◆ Exercise brief
Repeat all of the data word for word so that only the pictures are missing from the copy.

◆ Stored data

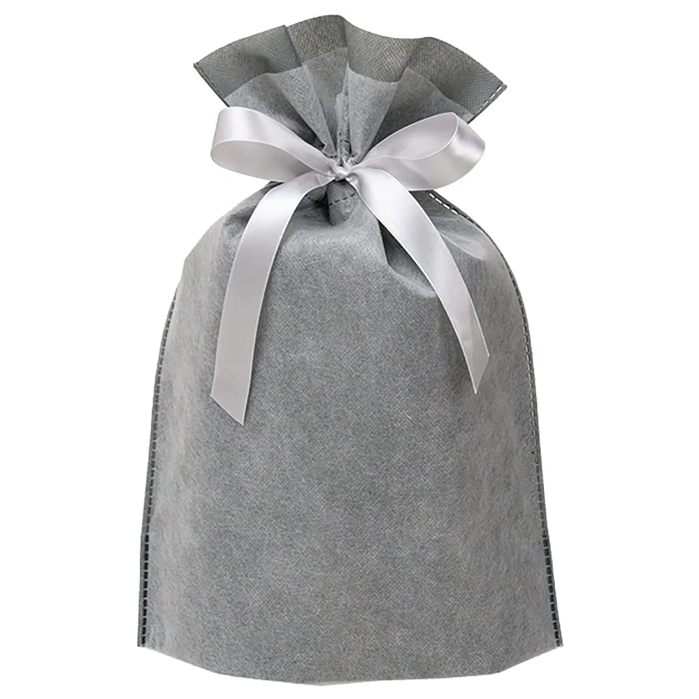 グレーの無地の無地のリボン付巾着バッグです。ベースのグレーの不織布に薄手の白の不織布を重ねることにより、シンプルながら上品で高級感のあるギフトバッグに仕上げました。
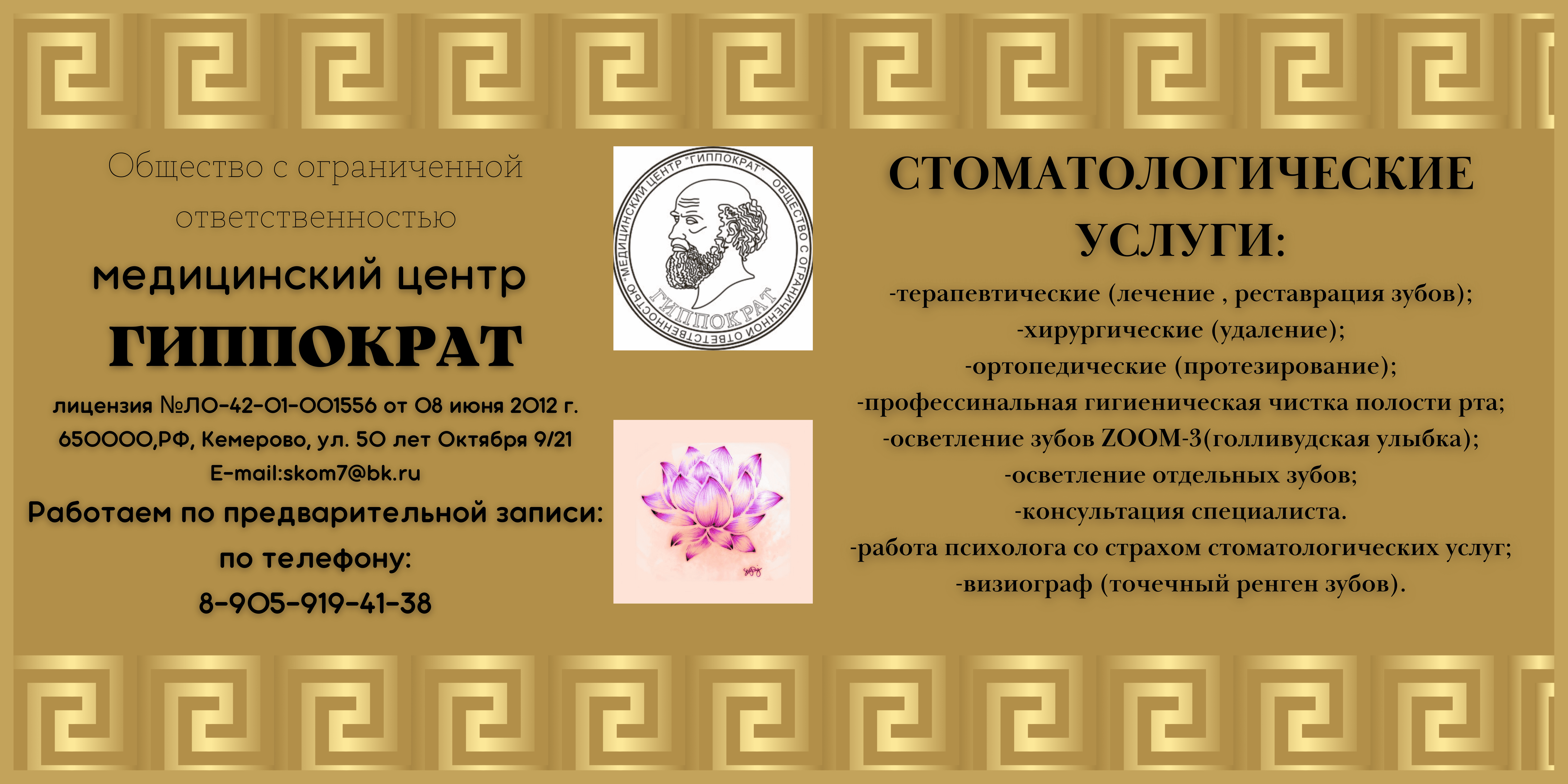 Клиника ООО "МЦ" Гиппократ" - это место, где ваша улыбка находится в надежных руках. Мы с удовольствием приветствуем вас в нашей клинике и гарантируем, что наше высококвалифицированное и дружелюбное персонал обеспечит вам самое лучшее стоматологическое обслуживание.
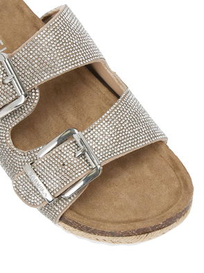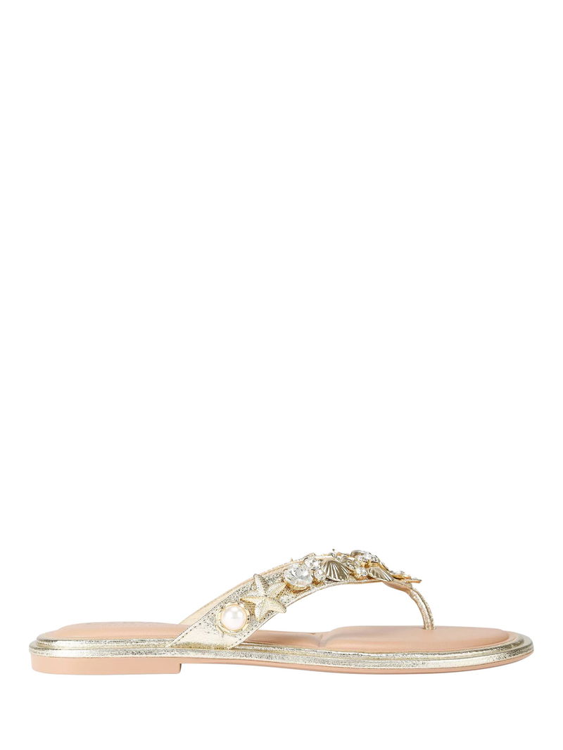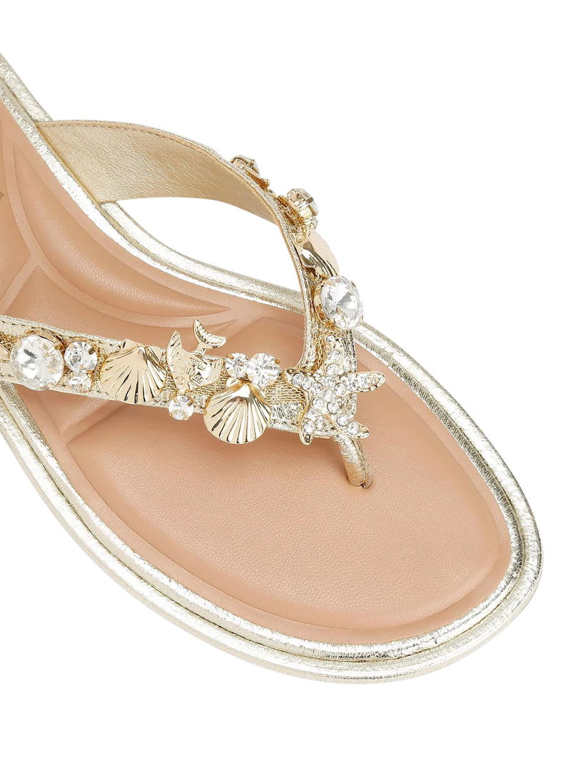 Marina Embellished Open Toe Flat Sandals, Gold
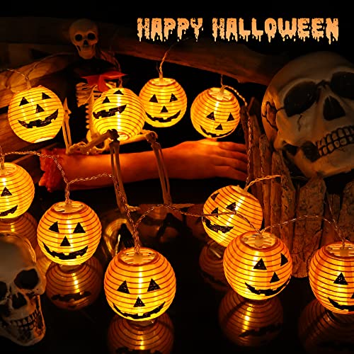 Halloween Zucca Luci Stringa: questa Halloween lanterna è di 2,5 m in totale con 10 bianco caldo LEDs(ogni LED è dotato di una lanterna arancione). Disegni di zucca unici e realistici ti daranno un'atmosfera spettrale di Halloween quando decori interni, casa, finestre, esterni, portico, giardino, cortile, ecc.

◆ Solved problem
 グレーの無地の無地のリボン付巾着バッグです。ベースのグレーの不織布に薄手の白の不織布を重ねることにより、シンプルながら上品で高級感のあるギフトバッグに仕上げました。
 Клиника ООО "МЦ" Гиппократ" - это место, где ваша улыбка находится в надежных руках. Мы с удовольствием приветствуем вас в нашей клинике и гарантируем, что наше высококвалифицированное и дружелюбное персонал обеспечит вам самое лучшее стоматологическое обслуживание.
 Marina Embellished Open Toe Flat Sandals, Gold
 Halloween Zucca Luci Stringa: questa Halloween lanterna è di 2,5 m in totale con 10 bianco caldo LEDs(ogni LED è dotato di una lanterna arancione). Disegni di zucca unici e realistici ti daranno un'atmosfera spettrale di Halloween quando decori interni, casa, finestre, esterni, portico, giardino, cortile, ecc.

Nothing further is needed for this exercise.